Start of Block

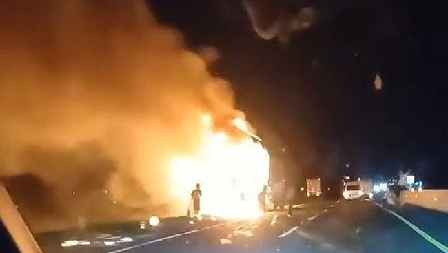 "Benar, telah terjadi kebakaran truk di KM 221. Tidak ada korban dalam kejadian ini, namun muatan truk hangus terbakar," ujarnya.
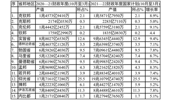 《缅甸之光》报于10月7日、8日公布缅甸2021—22财政年度国家经济计划法律时,顺便也列出了各省、邦地区的国民生产总值(GDP)预估数据。具体数据如下表:   2021—22财政年度6个月过渡期国家经济计划,各省邦地区的生产总值预估如下:
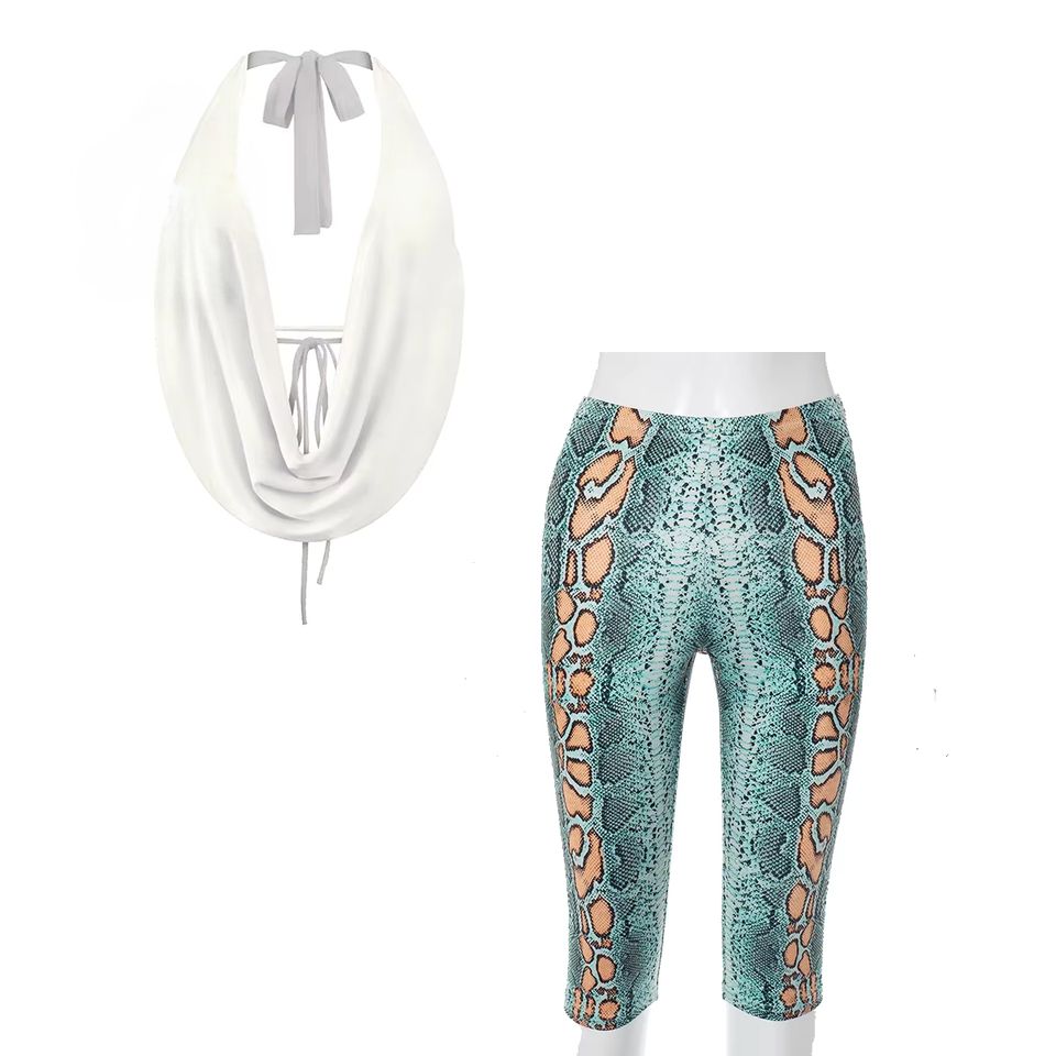 Peeqi Trendy Women's Shorts Set Backless Shirt Top and Leopard Shorts 2 Piece Set Sexy Club Two Piece Set for Women Clothing
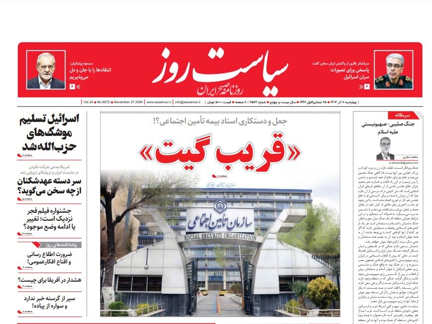 In an analysis, Jam-e-Jam discussed the arrest warrants against Netanyahu and Yoav Gallant by The Hague-based International Criminal Court. It wrote: The Leader of the Revolution, in a meeting with the Basiji members, emphasized that the arrest warrants against Netanyahu and his sacked war minister Gallant is not enough, suggesting that other Zionist criminal leaders should face justice and be sentenced to death. The reference of the Leader of the Islamic Revolution to the necessity of issuing death sentences against Netanyahu and other war criminals of the Zionist regime is derived from the will of two billion Muslims around the world who seek strong punishment against these criminals. The arrest warrant did not reduce the anger of the Muslim nations and the free people of the world. They would expect a more severe punishment for the war criminals. The Leader of the Islamic Revolution also pointed to the inevitable victory of the Axis of Resistance against the Zionist regime. Although this victory will be costly to the Muslim nations in the region, it shows that the will to resist has always prevailed over the arrogant countries throughout history.
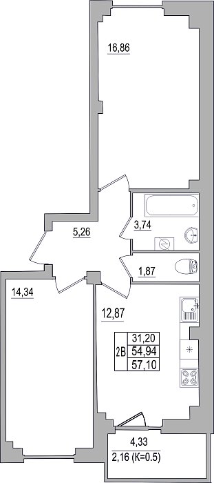 2-комнатная квартира, этаж 6, площадь 57,1 м²
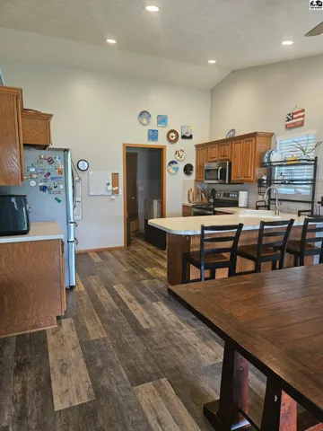 +"PublicRemarks": "If you have been looking for a family sized home, located in a great neighborhood and the Buhler school district, this is the one you have been waiting for!! 4 bedrooms, 3 1/2 baths, over 2500 sq. ft, oversized 2 car garage with additional parking pad, large fenced in back yard with storage shed, and lots of charm! Kitchen with island and large enough for all those great family get togethers. 2 bedrooms and 2.5 baths on the main floor; 2 bedrooms, 1 bath and family room on the lower level. The backyard offers privacy for your family with covered area for your patio set, and very quiet neighborhood."
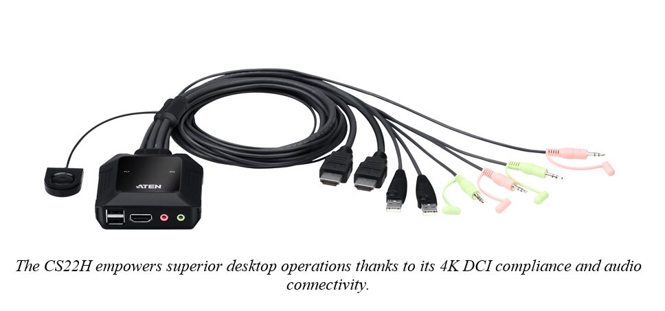 UK (February 1, 2021) – ATEN International, the leading provider of AV/IT connectivity and management solutions, today launches the CS22H 2-Port USB 4K HDMI Cable KVM Switch with Remote Port Selector. The CS22H is a control unit that allows for instant access to two computers from a single USB and HDMI console (keyboard, video, and mouse) with audio. With this cable KVM, users can quickly and effortlessly switch between two HDMI computers using a convenient remote port selector pushbutton without the need to install software or configure devices. The compact, bus-powered CS22H helps create an organized desktop with reduced cable clutter and delivers superior video quality up to 4K DCI (4096 x 2160 @ 60Hz) for optimum visuals that enhance workflow in office applications and graphic design and provide the best in entertainment.
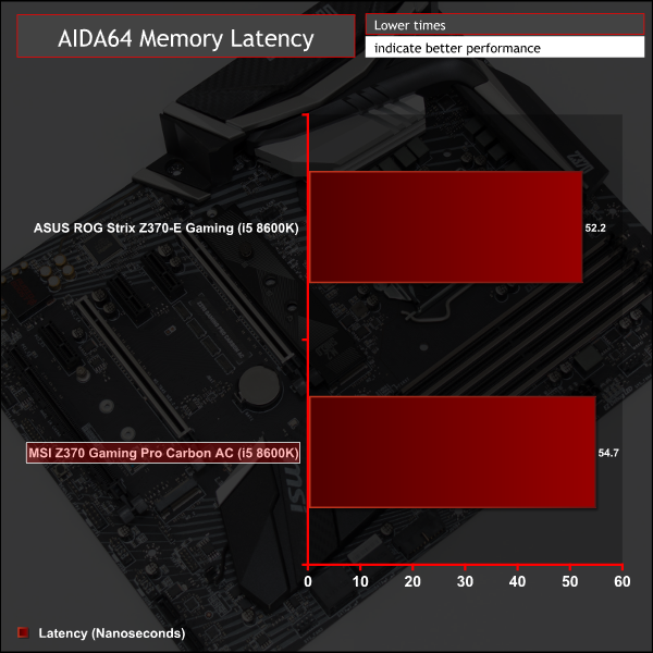 Similar Z270 memory testing, albeit with the i7 7700K @ 4.5GHz all-core Turbo, reaped about 41-49,000 MB/s across a range of motherboards in AIDA64 and 32 to 37 GB/s in SiSoft Sandra memory test. Latency appears to have gone up from 44-48ns but that could we be differences in the CPU frequency and Hyper-Threading related. Hence why legacy Z270 results have not been included in this graph for direct comparison.
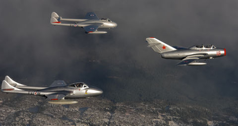This aircraft is a Polish-built SB Lim-2 (MiG-15UTI), produced by WSK-Mielec in 1952. The aircraft is operated by the Norwegian Air Force Historical Squadron as a representative of the Cold War ‘enemy’.

End of Block

▶ TASK INSTRUCTIONS
Set down exactly, from the line that contains "2-комнатная квартира, этаж" through the last line of the data, each line as it stands, and leave the pictures out.

▶ TASK RESPONSE
 2-комнатная квартира, этаж 6, площадь 57,1 м²
 +"PublicRemarks": "If you have been looking for a family sized home, located in a great neighborhood and the Buhler school district, this is the one you have been waiting for!! 4 bedrooms, 3 1/2 baths, over 2500 sq. ft, oversized 2 car garage with additional parking pad, large fenced in back yard with storage shed, and lots of charm! Kitchen with island and large enough for all those great family get togethers. 2 bedrooms and 2.5 baths on the main floor; 2 bedrooms, 1 bath and family room on the lower level. The backyard offers privacy for your family with covered area for your patio set, and very quiet neighborhood."
 UK (February 1, 2021) – ATEN International, the leading provider of AV/IT connectivity and management solutions, today launches the CS22H 2-Port USB 4K HDMI Cable KVM Switch with Remote Port Selector. The CS22H is a control unit that allows for instant access to two computers from a single USB and HDMI console (keyboard, video, and mouse) with audio. With this cable KVM, users can quickly and effortlessly switch between two HDMI computers using a convenient remote port selector pushbutton without the need to install software or configure devices. The compact, bus-powered CS22H helps create an organized desktop with reduced cable clutter and delivers superior video quality up to 4K DCI (4096 x 2160 @ 60Hz) for optimum visuals that enhance workflow in office applications and graphic design and provide the best in entertainment.
 Similar Z270 memory testing, albeit with the i7 7700K @ 4.5GHz all-core Turbo, reaped about 41-49,000 MB/s across a range of motherboards in AIDA64 and 32 to 37 GB/s in SiSoft Sandra memory test. Latency appears to have gone up from 44-48ns but that could we be differences in the CPU frequency and Hyper-Threading related. Hence why legacy Z270 results have not been included in this graph for direct comparison.
This aircraft is a Polish-built SB Lim-2 (MiG-15UTI), produced by WSK-Mielec in 1952. The aircraft is operated by the Norwegian Air Force Historical Squadron as a representative of the Cold War ‘enemy’.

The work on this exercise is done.